**Work required**
Within the records below, reproduce without change the lines from the line that has "pagamento do salário-maternidade;" through the line that has "法令データは総務省が公開した", and only those.

**Records for the task**
┌──

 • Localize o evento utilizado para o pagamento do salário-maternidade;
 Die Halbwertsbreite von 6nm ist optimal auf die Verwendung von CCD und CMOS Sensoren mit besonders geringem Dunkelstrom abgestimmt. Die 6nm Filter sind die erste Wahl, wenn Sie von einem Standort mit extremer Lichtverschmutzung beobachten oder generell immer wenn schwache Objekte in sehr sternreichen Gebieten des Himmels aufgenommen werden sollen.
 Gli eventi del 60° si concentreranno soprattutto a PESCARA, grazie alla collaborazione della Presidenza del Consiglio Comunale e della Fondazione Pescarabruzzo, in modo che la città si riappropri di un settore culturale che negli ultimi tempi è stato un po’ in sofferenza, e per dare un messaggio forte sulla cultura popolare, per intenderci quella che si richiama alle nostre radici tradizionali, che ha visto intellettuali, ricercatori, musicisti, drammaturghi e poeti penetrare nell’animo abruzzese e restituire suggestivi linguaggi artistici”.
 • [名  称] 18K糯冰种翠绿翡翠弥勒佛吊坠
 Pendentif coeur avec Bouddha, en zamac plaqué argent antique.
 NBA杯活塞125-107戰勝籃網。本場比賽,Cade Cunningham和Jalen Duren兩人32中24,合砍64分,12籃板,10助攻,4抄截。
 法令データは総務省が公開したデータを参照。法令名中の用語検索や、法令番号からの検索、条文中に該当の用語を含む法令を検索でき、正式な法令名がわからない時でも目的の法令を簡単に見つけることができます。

└──
┌──

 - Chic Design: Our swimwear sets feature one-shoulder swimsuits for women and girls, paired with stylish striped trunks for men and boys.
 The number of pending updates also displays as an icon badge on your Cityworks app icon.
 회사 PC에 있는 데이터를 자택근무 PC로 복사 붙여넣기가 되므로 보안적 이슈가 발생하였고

└──
┌──

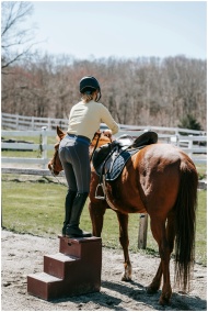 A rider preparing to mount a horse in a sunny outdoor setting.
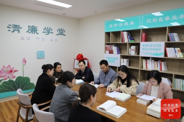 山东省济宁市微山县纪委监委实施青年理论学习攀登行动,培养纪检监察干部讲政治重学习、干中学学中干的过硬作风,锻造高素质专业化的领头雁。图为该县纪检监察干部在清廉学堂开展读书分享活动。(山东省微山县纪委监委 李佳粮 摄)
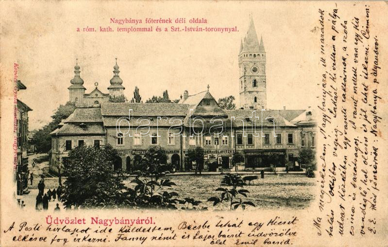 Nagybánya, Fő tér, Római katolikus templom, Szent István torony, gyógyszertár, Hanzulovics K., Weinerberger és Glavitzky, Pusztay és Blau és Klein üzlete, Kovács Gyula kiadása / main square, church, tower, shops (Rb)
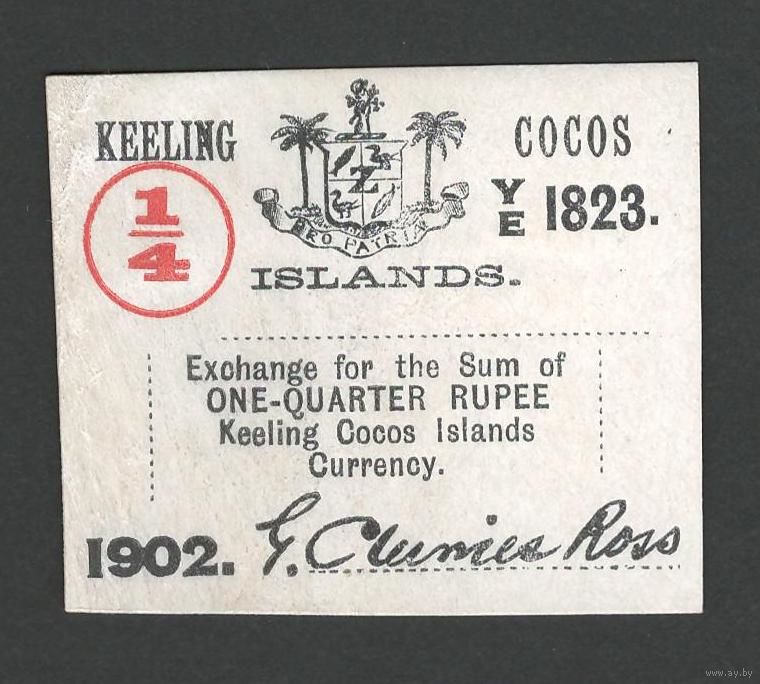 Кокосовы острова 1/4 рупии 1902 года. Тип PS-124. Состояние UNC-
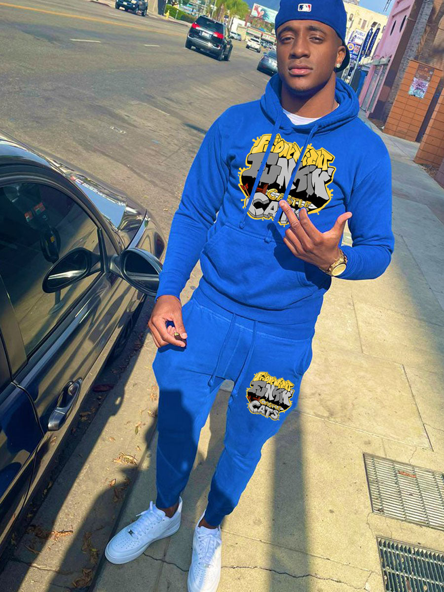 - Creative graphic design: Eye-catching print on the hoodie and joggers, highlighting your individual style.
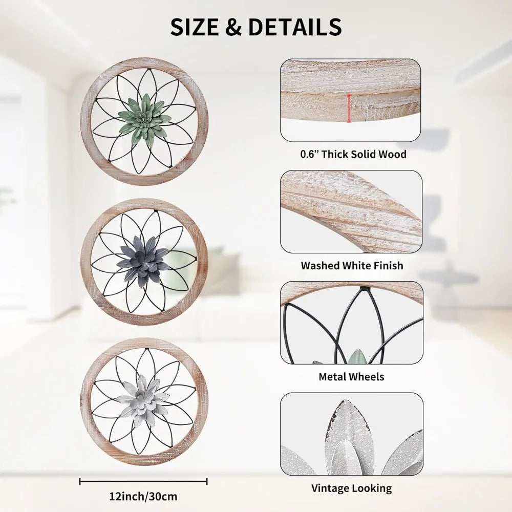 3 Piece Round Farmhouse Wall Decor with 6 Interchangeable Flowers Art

└──

**Solution for this task**
 • Localize o evento utilizado para o pagamento do salário-maternidade;
 Die Halbwertsbreite von 6nm ist optimal auf die Verwendung von CCD und CMOS Sensoren mit besonders geringem Dunkelstrom abgestimmt. Die 6nm Filter sind die erste Wahl, wenn Sie von einem Standort mit extremer Lichtverschmutzung beobachten oder generell immer wenn schwache Objekte in sehr sternreichen Gebieten des Himmels aufgenommen werden sollen.
 Gli eventi del 60° si concentreranno soprattutto a PESCARA, grazie alla collaborazione della Presidenza del Consiglio Comunale e della Fondazione Pescarabruzzo, in modo che la città si riappropri di un settore culturale che negli ultimi tempi è stato un po’ in sofferenza, e per dare un messaggio forte sulla cultura popolare, per intenderci quella che si richiama alle nostre radici tradizionali, che ha visto intellettuali, ricercatori, musicisti, drammaturghi e poeti penetrare nell’animo abruzzese e restituire suggestivi linguaggi artistici”.
 • [名  称] 18K糯冰种翠绿翡翠弥勒佛吊坠
 Pendentif coeur avec Bouddha, en zamac plaqué argent antique.
 NBA杯活塞125-107戰勝籃網。本場比賽,Cade Cunningham和Jalen Duren兩人32中24,合砍64分,12籃板,10助攻,4抄截。
 法令データは総務省が公開したデータを参照。法令名中の用語検索や、法令番号からの検索、条文中に該当の用語を含む法令を検索でき、正式な法令名がわからない時でも目的の法令を簡単に見つけることができます。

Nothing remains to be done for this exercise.